Мальчик тем временем бросил биту и пошел перемолвиться словечком с обшарпанным черным «Мерседесом»-универсалом, стоящим на дорожке. Судя по всему, ему удалось достичь взаимопонимания с багажной полкой, поскольку Фрэнк снял ремень, сделал петлю и открыл дверцу. Встав на подножку, он привязал ремень к багажнику.
М. М. Бэннинг вскочила с места, подошла к стеклянной раздвижной двери и попыталась ее открыть. Дверь не поддалась.
– Вам помочь? – предложила я.
– Я собиралась ее починить, – сказала она, – но человек, который обычно этим занимается, в отъезде, а я не люблю чужих людей в доме. Что он делает?
Мальчик продолжал свое занятие. Он просунул руку в петлю, спрыгнул на землю и закрыл дверцу, не забыв поднять руку, чтобы ремень не застрял. Он взбрыкнул ногой и распластался по дверце, а затем повторил этот маневр еще раз, изображая свободной рукой пистолет, из которого стреляет по багажнику. Фалды фрака развевались у него за спиной. Все это напоминало черно-белые вестерны, которых я вволю насмотрелась по телевизору в детстве после школы.

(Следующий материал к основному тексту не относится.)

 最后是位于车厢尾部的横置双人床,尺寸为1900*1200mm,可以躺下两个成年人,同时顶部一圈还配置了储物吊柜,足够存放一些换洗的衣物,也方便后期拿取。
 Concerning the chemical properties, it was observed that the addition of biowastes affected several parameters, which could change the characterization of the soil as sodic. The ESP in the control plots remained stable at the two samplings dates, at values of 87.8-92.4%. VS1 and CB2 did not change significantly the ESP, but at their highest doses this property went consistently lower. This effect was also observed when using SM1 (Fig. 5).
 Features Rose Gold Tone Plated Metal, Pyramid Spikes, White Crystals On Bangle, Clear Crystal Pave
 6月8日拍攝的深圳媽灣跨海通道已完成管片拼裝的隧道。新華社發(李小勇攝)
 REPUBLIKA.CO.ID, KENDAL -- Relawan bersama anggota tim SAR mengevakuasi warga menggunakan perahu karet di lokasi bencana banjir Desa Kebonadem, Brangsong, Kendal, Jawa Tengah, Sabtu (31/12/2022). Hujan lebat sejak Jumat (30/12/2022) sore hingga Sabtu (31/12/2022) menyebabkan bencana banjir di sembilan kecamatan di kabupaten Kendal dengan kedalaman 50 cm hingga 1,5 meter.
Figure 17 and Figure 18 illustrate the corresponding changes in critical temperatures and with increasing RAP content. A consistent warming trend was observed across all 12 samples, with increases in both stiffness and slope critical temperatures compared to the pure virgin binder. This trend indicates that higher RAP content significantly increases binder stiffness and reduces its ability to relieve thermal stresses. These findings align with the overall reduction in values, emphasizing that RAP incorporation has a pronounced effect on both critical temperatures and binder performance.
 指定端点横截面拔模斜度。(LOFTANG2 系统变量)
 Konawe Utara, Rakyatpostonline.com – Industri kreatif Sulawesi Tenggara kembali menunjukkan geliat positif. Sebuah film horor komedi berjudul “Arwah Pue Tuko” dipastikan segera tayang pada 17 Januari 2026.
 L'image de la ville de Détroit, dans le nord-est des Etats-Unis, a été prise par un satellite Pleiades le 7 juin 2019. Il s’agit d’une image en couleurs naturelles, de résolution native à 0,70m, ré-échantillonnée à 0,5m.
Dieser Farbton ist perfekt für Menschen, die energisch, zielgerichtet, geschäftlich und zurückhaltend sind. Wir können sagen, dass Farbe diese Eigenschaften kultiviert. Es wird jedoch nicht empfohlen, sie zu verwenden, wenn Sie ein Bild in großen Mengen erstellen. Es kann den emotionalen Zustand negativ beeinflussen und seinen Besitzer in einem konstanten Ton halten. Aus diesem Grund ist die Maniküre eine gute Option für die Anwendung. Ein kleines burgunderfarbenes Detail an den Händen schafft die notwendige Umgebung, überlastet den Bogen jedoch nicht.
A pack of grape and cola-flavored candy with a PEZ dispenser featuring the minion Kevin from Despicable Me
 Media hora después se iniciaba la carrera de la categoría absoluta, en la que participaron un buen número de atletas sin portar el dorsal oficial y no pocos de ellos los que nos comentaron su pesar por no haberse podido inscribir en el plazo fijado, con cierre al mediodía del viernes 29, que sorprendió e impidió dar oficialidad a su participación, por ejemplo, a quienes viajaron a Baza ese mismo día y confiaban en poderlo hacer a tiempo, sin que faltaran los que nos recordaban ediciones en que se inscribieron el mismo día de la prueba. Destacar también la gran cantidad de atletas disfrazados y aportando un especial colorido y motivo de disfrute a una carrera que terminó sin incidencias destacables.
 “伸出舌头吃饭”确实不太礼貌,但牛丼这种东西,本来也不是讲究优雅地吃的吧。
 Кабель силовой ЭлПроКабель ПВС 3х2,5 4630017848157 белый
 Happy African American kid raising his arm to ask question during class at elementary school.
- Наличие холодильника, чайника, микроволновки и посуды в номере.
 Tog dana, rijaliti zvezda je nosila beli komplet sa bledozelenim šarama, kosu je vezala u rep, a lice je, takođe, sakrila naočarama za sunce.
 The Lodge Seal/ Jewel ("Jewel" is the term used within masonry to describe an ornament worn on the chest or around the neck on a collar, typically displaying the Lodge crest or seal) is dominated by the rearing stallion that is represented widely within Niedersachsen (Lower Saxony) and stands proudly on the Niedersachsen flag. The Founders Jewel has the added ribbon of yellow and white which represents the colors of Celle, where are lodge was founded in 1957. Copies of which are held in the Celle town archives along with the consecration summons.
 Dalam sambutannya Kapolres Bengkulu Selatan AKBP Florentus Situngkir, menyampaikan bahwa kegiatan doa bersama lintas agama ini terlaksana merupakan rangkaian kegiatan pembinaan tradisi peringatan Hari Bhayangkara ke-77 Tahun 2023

– Если не ошибаюсь, грабит почтовую карету, – сказала я.
М. М. Бэннинг приложила руку к груди и отошла от двери.
– Да. Он играет. С ним все хорошо. Дверь подождет. Все нормально. Успокойся.
Она обращалась явно не ко мне.
– Не волнуйтесь, – сказала я.
Я не отношусь к любителям банальных фраз, просто уже давно поняла, что в общении с проблемными людьми – богатой мамашей-паникершей, изголодавшимся манхэттенским веганом, заказывающим поздний ланч, – необходимо излучать олимпийское спокойствие и заниматься своим делом. Я продолжала возиться с дверью.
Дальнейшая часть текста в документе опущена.